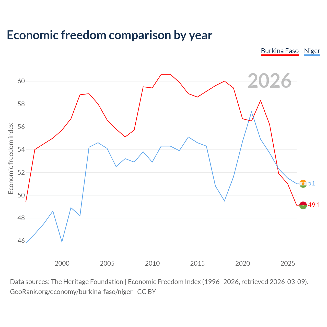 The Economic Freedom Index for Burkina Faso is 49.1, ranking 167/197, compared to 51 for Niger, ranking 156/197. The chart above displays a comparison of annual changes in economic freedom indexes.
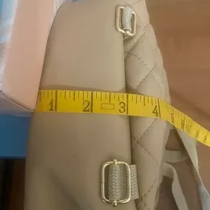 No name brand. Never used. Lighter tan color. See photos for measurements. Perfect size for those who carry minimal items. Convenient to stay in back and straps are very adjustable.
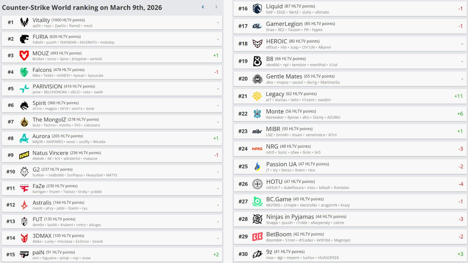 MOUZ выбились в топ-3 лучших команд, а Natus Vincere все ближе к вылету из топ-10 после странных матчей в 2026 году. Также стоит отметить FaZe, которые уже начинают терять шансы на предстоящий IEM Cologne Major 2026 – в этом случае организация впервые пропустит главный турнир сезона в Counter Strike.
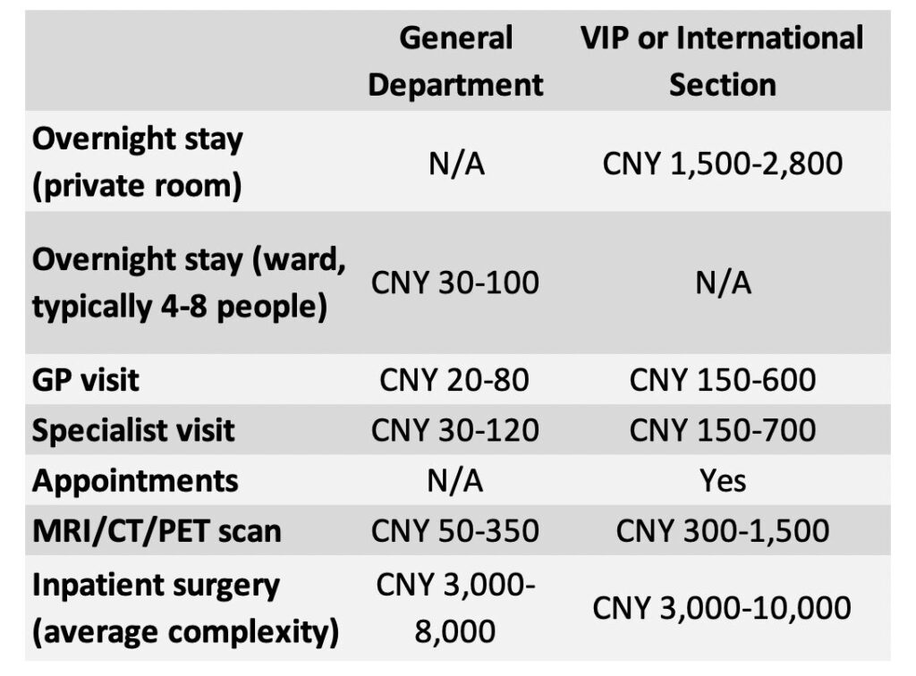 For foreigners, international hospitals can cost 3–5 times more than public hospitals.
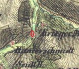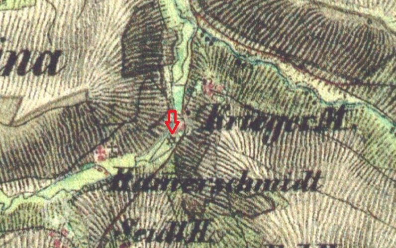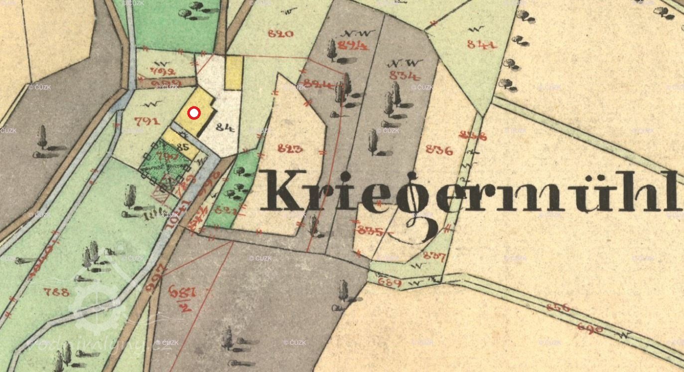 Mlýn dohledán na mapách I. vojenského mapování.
---
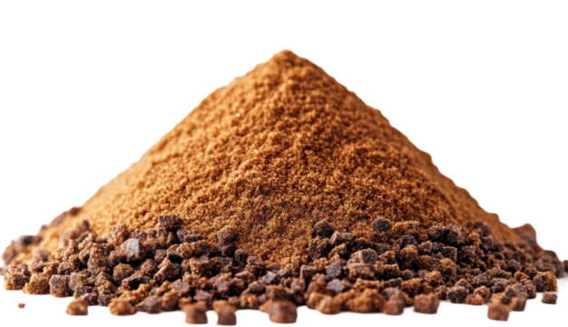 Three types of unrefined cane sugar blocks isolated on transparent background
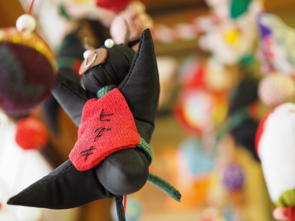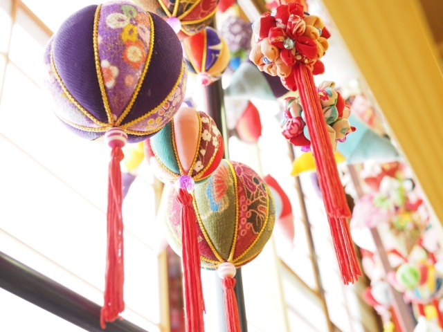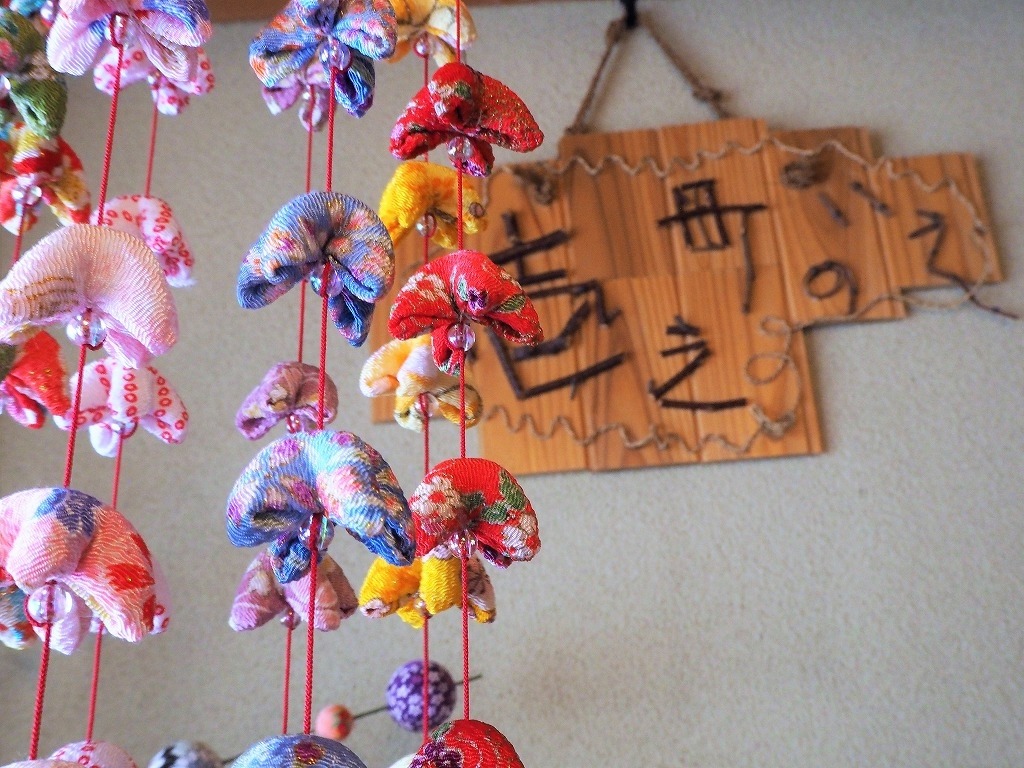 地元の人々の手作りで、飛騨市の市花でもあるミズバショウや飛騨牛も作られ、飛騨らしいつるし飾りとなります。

* [WORK ITEM]
The line holding "Three types of" starts the copy and the line holding "地元の人々の手作りで、飛騨市" ends it. Repeat those two lines above and all between them exactly, leaving out pictures.

* [RESULT OF THE EXERCISE]
 Three types of unrefined cane sugar blocks isolated on transparent background
 地元の人々の手作りで、飛騨市の市花でもあるミズバショウや飛騨牛も作られ、飛騨らしいつるし飾りとなります。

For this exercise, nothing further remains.